3.1 Master-Slave Replica
Replicas were added to the master database instance. Read requests were routed to both the master and the replicas parallelly to cut down the load on the master. Adding replicas helped get rid of the bottleneck, increased read throughput & added durability to the system.
Master node handled the write traffic, whereas both the master and the replica nodes handled the read traffic.
Though in this scenario, there was a possibility of getting stale data from the read replica. If a request fetched the data from it before it being updated by the master with the new information, this would return the stale information to the viewer.
At this point in time, the data between the master and the replica would be inconsistent. The inconsistency in this scenario would be the difference in view counts for a particular video between the master & the replica.
Well, that is completely alright!! A viewer won’t mind if there is a slight inconsistency in the view count. Right? It’s more important that the video gets rendered in his browser.

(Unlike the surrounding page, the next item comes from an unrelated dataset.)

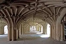 The first mention of a chapel in Lincoln's Inn comes from 1428. By the 17th century, this had become too small, and discussions started about building a new one in 1608.[36] The current chapel was built between 1620 and 1623 by Inigo Jones, and was extensively rebuilt in 1797 and again in 1883. Other repairs took place in 1685, after the consultation of Christopher Wren, and again in 1915. The chapel is built on a fan-vaulted, open undercroft[37] and has acted (sometimes simultaneously) as a crypt, meeting place and place of recreation. For many years only Benchers were allowed to be buried in the Crypt, with the last one being interred on 15 May 1852. Before that, however, it was open to any member or servant of the society; in 1829 a former Preacher was interred, and in 1780 William Turner, described as "Hatch-keeper and Washpot to this Honble. Society", was buried.[38]

The data between the master and the replicas would eventually become consistent.
If you are unfamiliar with concepts like eventual consistency, strong consistency, CAP Theorem. If you want to understand how does data consistency work in a distributed environment? What database should I choose when developing my own app? & much more. Do check out my Web Application Architecture & Software Architecture 101 course here.

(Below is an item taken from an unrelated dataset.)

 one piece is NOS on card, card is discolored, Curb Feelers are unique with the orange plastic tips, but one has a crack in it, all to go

So, the engineers were happy, viewers were happy. Things went smooth with the introduction of the replicas.
The site continued gaining popularity and the QPS continued to rise. The master-slave replication strategy now struggled to keep up with the rise in the traffic on the website.

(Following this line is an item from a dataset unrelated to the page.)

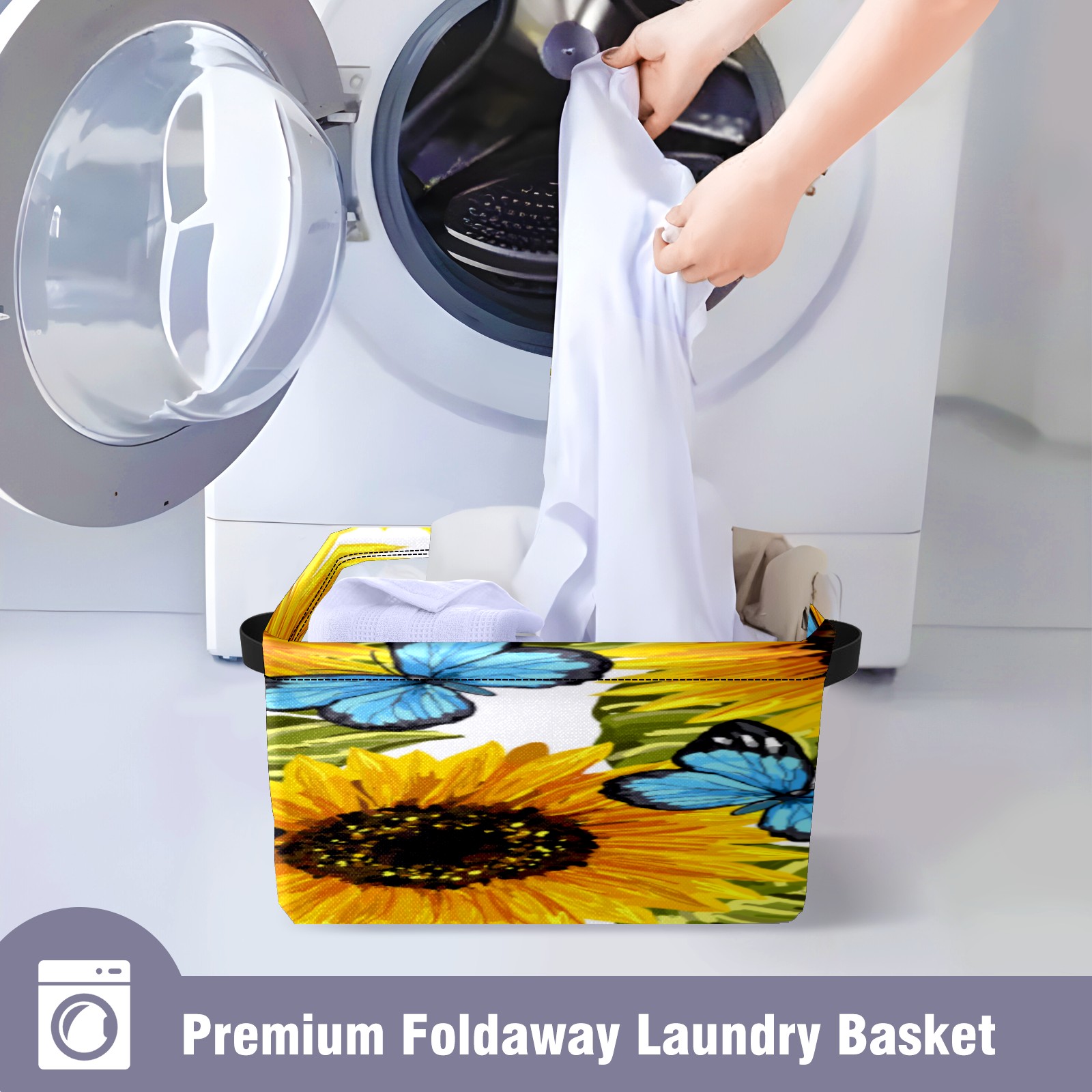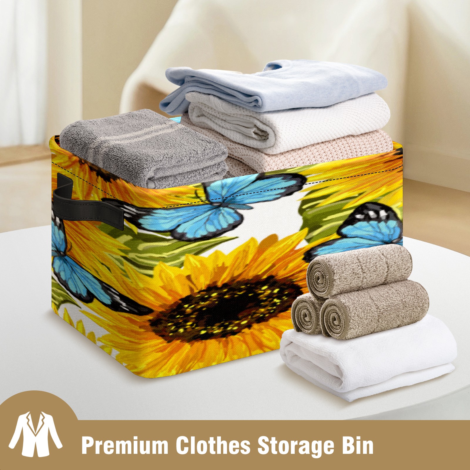 Collapsible 600D Oxford Storage Basket with Sunflower Butterfly Oil Painting - Metal Frame 10"x14"x8" Reinforced Handles, Multi-Purpose Organizer

The next strategy was to shard the database. Sharding is one of the ways of scaling a relational database besides the master-slave replication, master-master replication, federation & de-normalization.
Sharding a database is not a trivial process. It increases the system complexity by a significant amount and makes the management harder.
Regardless, the database had to be sharded to meet the increase in QPS. After the developers sharded the database, the data got spread across multiple machines. This increased the write throughput of the system. Now instead of just the single master instance handling the writes, write operations could be done on multiple sharded machines.
Also, for every machine separate replica were created for redundancy & throughput.
The platform continued to blow up in popularity, a large amount of data was continually added to the database by the content creators.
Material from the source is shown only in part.